数学の関数の範囲問題は、初学者にとって戸惑うことが多いですが、正しい手順で進めるとシンプルに理解できます。今回は x ≧ 0, y ≧ 0 かつ x^3 + y^3 = 1 のとき、x + y がとり得る値の範囲について詳しく解説します。
変数の置き換えによるアプローチ
まず x + y = k と置き、y = k – x とします。この方法は範囲問題でよく使われる手法で、合成関数を単一変数に置き換えることができます。
次に x^3 + y^3 = 1 に代入すると、次の式が得られます。
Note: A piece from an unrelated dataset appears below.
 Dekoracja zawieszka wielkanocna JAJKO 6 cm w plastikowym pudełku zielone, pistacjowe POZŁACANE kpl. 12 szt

x^3 + (k – x)^3 = 1。この式を展開すると、3kx^2 – 3k^2x + k^3 – 1 = 0 という二次方程式が導かれます。
正の解の条件
重要なポイントは、x ≧ 0 および y ≧ 0 の両方を満たす必要があることです。x + y = k として解を求めても、一方の解が負になる場合、その k は条件を満たさないため、解としては不適切です。
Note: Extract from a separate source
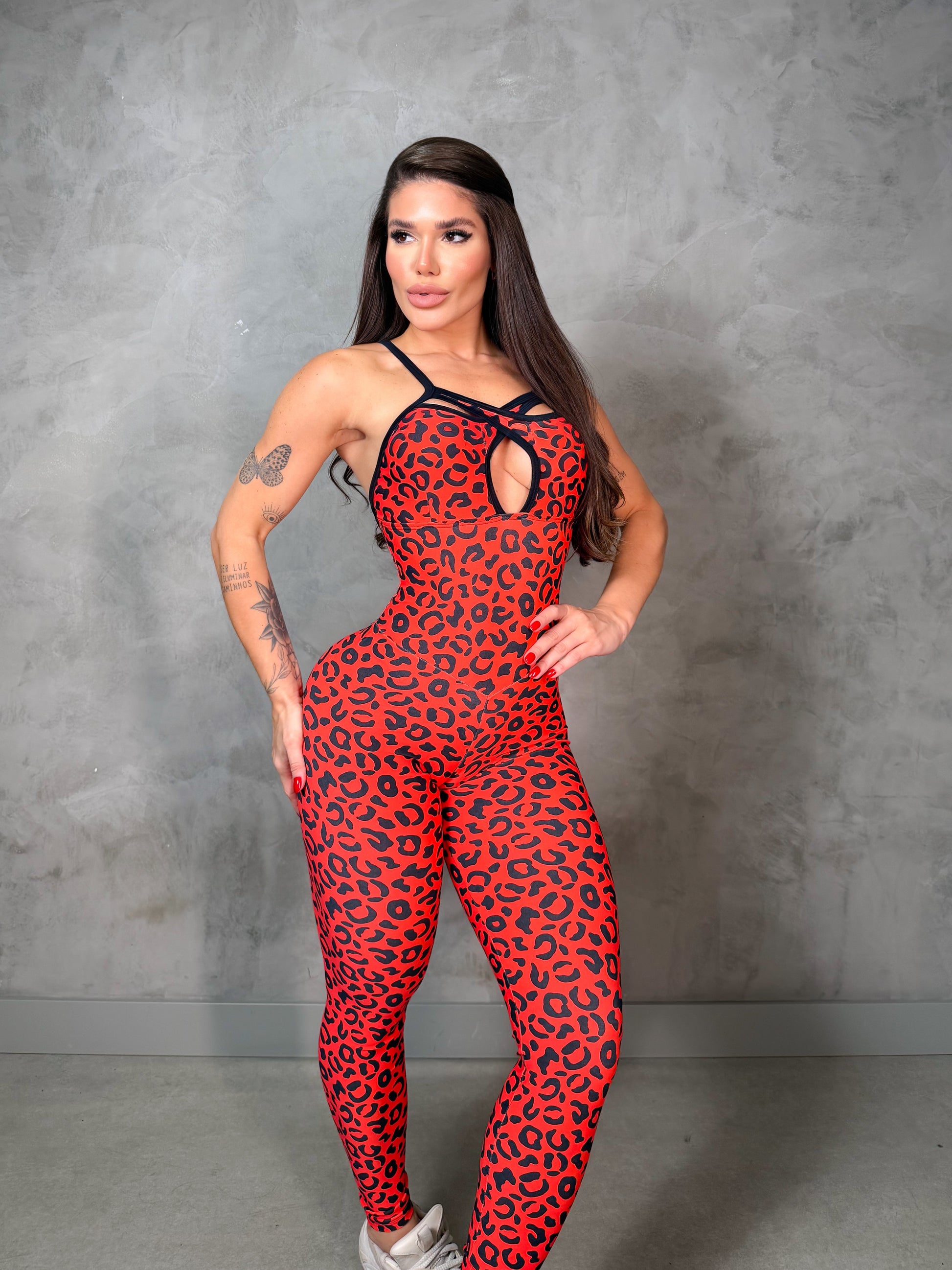 SCRUNCH BOOTY RED LEOPARD FRONT DETAIL JUMPSUIT, NO RETURN

例えば、k = 2 の場合、二次方程式の解が x = 0.5 と x = 1.5 だとします。y = k – x からそれぞれ y = 1.5 と y = 0.5 となり、両方とも正なので有効です。しかし x = -0.2 の解が出る場合、y = 2 – (-0.2) = 2.2 となり、y は正ですが x が負なので、この組み合わせは範囲としては考慮できません。
微分を使った範囲の確認
x^3 + y^3 = 1 の曲線を考えると、x ≧ 0, y ≧ 0 の第一象限での曲線が対象になります。この曲線上の x + y の最小値と最大値を求めるには、y = (1 – x^3)^{1/3} として f(x) = x + (1 – x^3)^{1/3} と置き、微分して臨界点を求めます。
f'(x) = 1 – x^2 / (1 – x^3)^{2/3} = 0 から x = 2^{-1/3} が得られます。このとき f(x) を評価すると、x + y の最大値は 2^{2/3} となります。最小値は x = 0 または y = 0 で f(x) = 1 となります。
具体例で確認する
例えば x = 0.5 とすると y^3 = 1 – 0.125 = 0.875 から y ≈ 0.955 となります。x + y ≈ 1.455 です。同様に x = 0.8 とすると y ≈ 0.584, x + y ≈ 1.384 となり、最大値は先ほどの計算通り 2^{2/3} ≈ 1.587 であることがわかります。
このようにして、第一象限の条件を満たす組み合わせだけを考慮することが重要です。
x + y の値の範囲まとめ
以上の議論から、x^3 + y^3 = 1 かつ x ≧ 0, y ≧ 0 のとき、x + y がとり得る値の範囲は次の通りです。
- 最小値: x = 0 または y = 0 のとき、x + y = 1
- 最大値: x = y = 2^{-1/3} のとき、x + y = 2^{2/3}
この範囲を意識すれば、二次方程式で得られた解のうち、条件を満たす組み合わせだけを採用すればよいことが理解できます。